From: Leonid Ravich <lravich@amazon.com>
To: Herbert Xu <herbert@gondor.apana.org.au>
Cc: Alasdair Kergon <agk@redhat.com>,
Ard Biesheuvel <ardb@kernel.org>,
"Eric Biggers" <ebiggers@kernel.org>,
Jens Axboe <axboe@kernel.dk>, Horia Geanta <horia.geanta@nxp.com>,
Gilad Ben-Yossef <gilad@benyossef.com>,
<linux-crypto@vger.kernel.org>, <dm-devel@lists.linux.dev>,
<linux-block@vger.kernel.org>
Subject: [PATCH v4 3/3] dm crypt: batch all sectors of a bio per crypto request
Date: Mon, 15 Jun 2026 11:14:59 +0000 [thread overview]
Message-ID: <20260615111459.9452-4-lravich@amazon.com> (raw)
In-Reply-To: <20260615111459.9452-1-lravich@amazon.com>
Submit one skcipher request per bio with
skcipher_request_set_data_unit_size(req, cc->sector_size) instead of
issuing one request per sector. This removes per-sector overhead in
the crypto API hot path: request allocation, callback dispatch,
completion handling, and SG setup.
The optimisation is enabled automatically at table load when all
of the following hold:
- the cipher is non-aead (i.e. skcipher), sync, tfms_count 1;
- the IV mode advertises sector_iv_le128, i.e. its per-sector IV
advances as a 128-bit LE counter, matching the convention
documented in skcipher_request_set_data_unit_size(). Only plain64
sets it today (its 64-bit LE counter extends correctly); plain is
excluded as its 32-bit counter wraps differently across a
2^32-sector boundary;
- ivsize is 16 (the core rejects other sizes with -EOPNOTSUPP);
- the iv_gen_ops->post() hook is unset;
- dm-integrity is not stacked (no integrity tag or integrity IV).
The cipher driver does not need to advertise anything: the crypto
API auto-splits multi-data-unit requests for drivers that cannot
handle them natively, so dm-crypt sees the same fast batched
submission contract regardless of the underlying driver.
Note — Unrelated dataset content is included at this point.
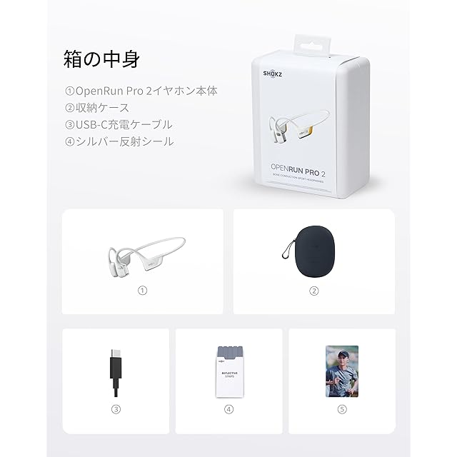 Shokzについて Shokzは、世界的に有名な骨伝導技術を持つオープンイヤーヘッドフォンのリーディングメーカーであり、革新的なデザインと高品質な音響体験を通じて新しいライフスタイルを提案し続けています。 使用シーン Shokzのワイヤレスヘッドフォンは、ウォーキング、通勤、学習、仕事、リモートワーク、会議、スポーツ、ランニング、サイクリング、ヨガ、テニス、ハンズフリー通話、テレコミューティング、ウェブ会議、モバイルゲーム、通勤、リモートワークなど、さまざまなシーンで輝きます。誕生日、新年、クリスマスギフトに最適です。 製品仕様 材料:シリコン、プラスチック、ニッケルチタン合金 Bluetoothバージョン:Bluetooth 5.3 充電時間:60分 1回の充電での使用時間:最大12時間のバッテリー寿命 充電方法:USB Type-C 同梱物 OpenRun Pro 2イヤホン本体*1、収納ケース*1、USB-C充電ケーブル *1、シルバー反射シール *1、書*1、ユーザガイド*1

A new CRYPT_MULTI_DATA_UNIT cipher_flag, set once at construction
time, gates the multi-data-unit dispatch. The existing per-sector
path in crypt_convert_block_skcipher() is unchanged; the new
crypt_convert_block_skcipher_multi() is reached from a small
dispatch in crypt_convert() and shares the same backlog/-EBUSY/
-EINPROGRESS flow control with the per-sector path.
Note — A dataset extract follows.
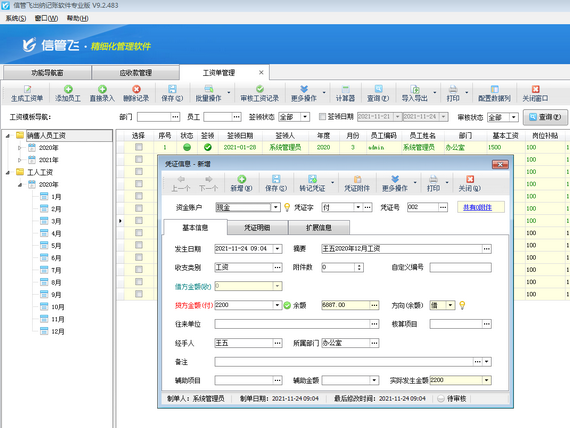 信管飛出納記賬軟件專業(yè)版包括工資管理功能,支持自定義工資模板,可根據(jù)設(shè)置的工資模板快速生成工資單,支持從上月工資單復(fù)制工資項目數(shù)據(jù),每月工資發(fā)放后,可將工資記錄轉(zhuǎn)記為日記賬憑證,本文介紹一下出納記賬軟件中工資單如何轉(zhuǎn)記憑證? 在功能導(dǎo)航窗點擊“綜合管理”—》“工資單管理”,打開工資單管理界面,在工資記錄列表中選擇需要轉(zhuǎn)記日記賬的工資記錄,然后點擊“更多操作”—》“轉(zhuǎn)記憑證(發(fā)現(xiàn)金)/轉(zhuǎn)記憑證(銀行代發(fā))”,系統(tǒng)彈出提示信息“您是否需要將當前工資記錄轉(zhuǎn)記為日記賬憑證?”,如下圖所示。 點

Heap-allocated scatterlists are stashed in dm_crypt_request and
freed in crypt_free_req_skcipher() to avoid races between the
synchronous-success free path and async-completion reuse from the
request pool. On scatterlist allocation failure the helper returns
-EAGAIN, and the core returns -EOPNOTSUPP if a driver turns out
unable to do multi-DU; crypt_convert() handles both by clearing its
local multi_du flag and falling back to the per-sector path for the
rest of the current crypt_convert() invocation, ensuring forward progress
on the swap-out-to-dm-crypt path even under total memory exhaustion
(the per-sector path uses only cc->req_pool, a mempool with
reservoir set up at table-load time, and the inline
dmreq->sg_in[]/sg_out[] arrays — no allocation that could fail).
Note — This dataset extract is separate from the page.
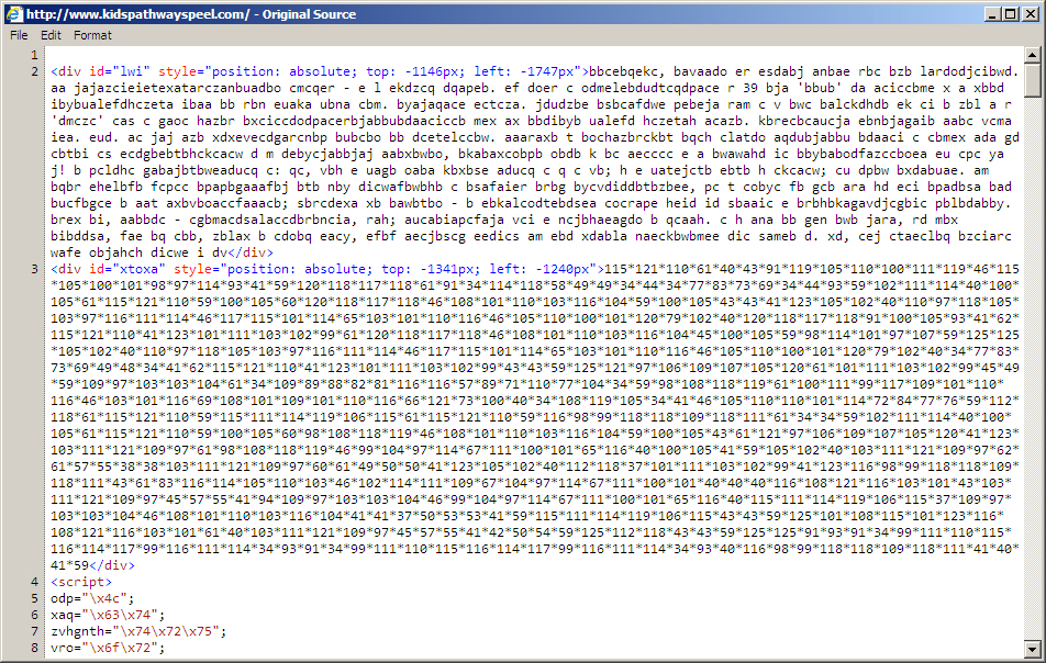 Shown above: Start of injected pseudo-Darkleech script in page from a compromised web site.

Verified end-to-end with a byte-equivalence test: encrypted output
of plain64 dm-crypt with the multi-data-unit path matches output of
the single-data-unit path bit-for-bit over a 256 MB device, with
xts-aes-aesni driving the auto-split path.
Signed-off-by: Leonid Ravich <lravich@amazon.com>
---
drivers/md/dm-crypt.c | 215 ++++++++++++++++++++++++++++++++++++++++--
1 file changed, 207 insertions(+), 8 deletions(-)
diff --git a/drivers/md/dm-crypt.c b/drivers/md/dm-crypt.c
index 608b617fb817..bfb98dd876d7 100644
--- a/drivers/md/dm-crypt.c
+++ b/drivers/md/dm-crypt.c
@@ -101,6 +101,9 @@ struct dm_crypt_request {
struct scatterlist sg_in[4];
struct scatterlist sg_out[4];
u64 iv_sector;
+ /* Multi-data-unit SG arrays, NULL when sg_in[]/sg_out[] suffice. */
+ struct scatterlist *sg_in_ext;
+ struct scatterlist *sg_out_ext;
};
struct crypt_config;
@@ -115,6 +118,12 @@ struct crypt_iv_operations {
struct dm_crypt_request *dmreq);
void (*post)(struct crypt_config *cc, u8 *iv,
struct dm_crypt_request *dmreq);
+ /*
+ * The per-sector IV advances as a 128-bit LE counter, so a bio's
+ * consecutive sectors share one starting IV and can be batched into
+ * a single skcipher request via data_unit_size.
+ */
+ bool sector_iv_le128;
};
struct iv_benbi_private {
@@ -151,6 +160,7 @@ enum cipher_flags {
CRYPT_IV_LARGE_SECTORS, /* Calculate IV from sector_size, not 512B sectors */
CRYPT_ENCRYPT_PREPROCESS, /* Must preprocess data for encryption (elephant) */
CRYPT_KEY_MAC_SIZE_SET, /* The integrity_key_size option was used */
+ CRYPT_MULTI_DATA_UNIT, /* Batch all sectors of a bio per crypto request */
};
/*
@@ -1018,7 +1028,8 @@ static const struct crypt_iv_operations crypt_iv_plain_ops = {
};
static const struct crypt_iv_operations crypt_iv_plain64_ops = {
- .generator = crypt_iv_plain64_gen
+ .generator = crypt_iv_plain64_gen,
+ .sector_iv_le128 = true,
};
static const struct crypt_iv_operations crypt_iv_plain64be_ops = {
@@ -1426,12 +1437,126 @@ static int crypt_convert_block_skcipher(struct crypt_config *cc,
return r;
}
+/*
+ * Submit all remaining sectors of the current bio in one skcipher request.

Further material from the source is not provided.